Questions about your training code / preprocessing

Question

Questions about your training code / preprocessing

yshhrknmr opened this issue 4 years ago · comments

Yoshihiro Kanamori commented 4 years ago

Hi, this is amazing work. One of my students is trying to run your training code but struggling now. I'm pleased if you could kindly answer the following questions.

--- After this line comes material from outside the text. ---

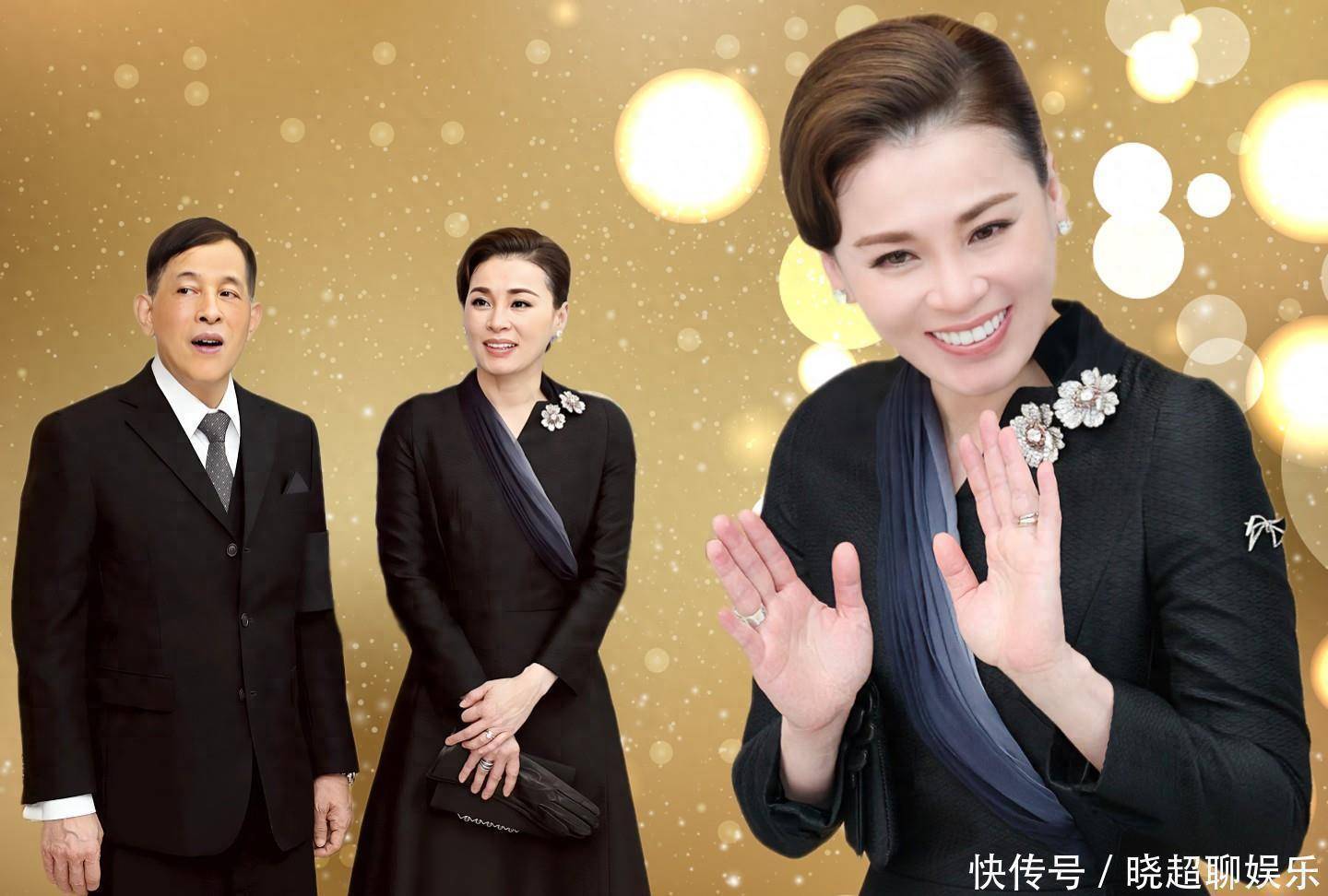 苏提达王后这次亮相简直美出新高度啦!她身着一袭黑色礼服,那前襟点缀着的灰色丝绸,就像夜空中闪烁的星辰,低调又奢华。领口处的花卉胸针,精致得不像话,为整体造型添了几分柔美。

In "FSRN-CNN-train.py," the data for training and testing are loaded as single .npy files, i.e.,
X_train = np.load(dir_references+"X_train{}.npy".format(TRAIN_NUM))
X_train = np.array(X_train)
but the datasets are provided as separate files stored in different directories. What kind of preprocessing did you employ? For example, merely concatenating all the data into a single .npy file? In that case, I wonder if the GPU memory can hold huge data and what GPU you used.

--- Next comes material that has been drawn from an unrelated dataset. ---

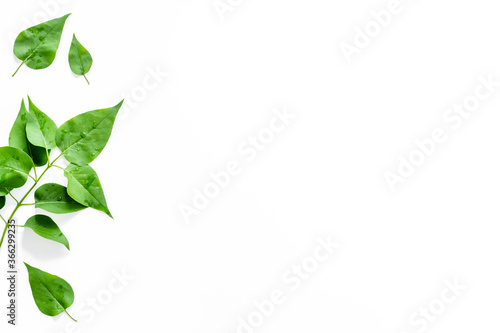 Pattern of green tree leaves, nature background. Overhead view, flat lay

My student assumed that the data shapes for training and validation are as follows (where N is the number of data). Is this understanding correct?

X_train: (N, 128, 128, 6) consisting of "render image (3ch)" and "reference image (3ch)"
y_train: (N, 128, 128, 11) consisting of "depth map", "normal map (3ch)", "render image (3ch)", "reference image (3ch)," and "scale" ("render image" and "reference image (3ch)" are the same as those of X_train)

If so, "scale" originally has a shape of (128,128,1) but you access the data via slices like [:,0:1,0:1] and [:,0:1,1:2]. How did you modify the shape of "scale"?

My student also wondered about the difference between the network's default input resolution (128x128) and those in the dataset (256x256). With which resolution did you train your network?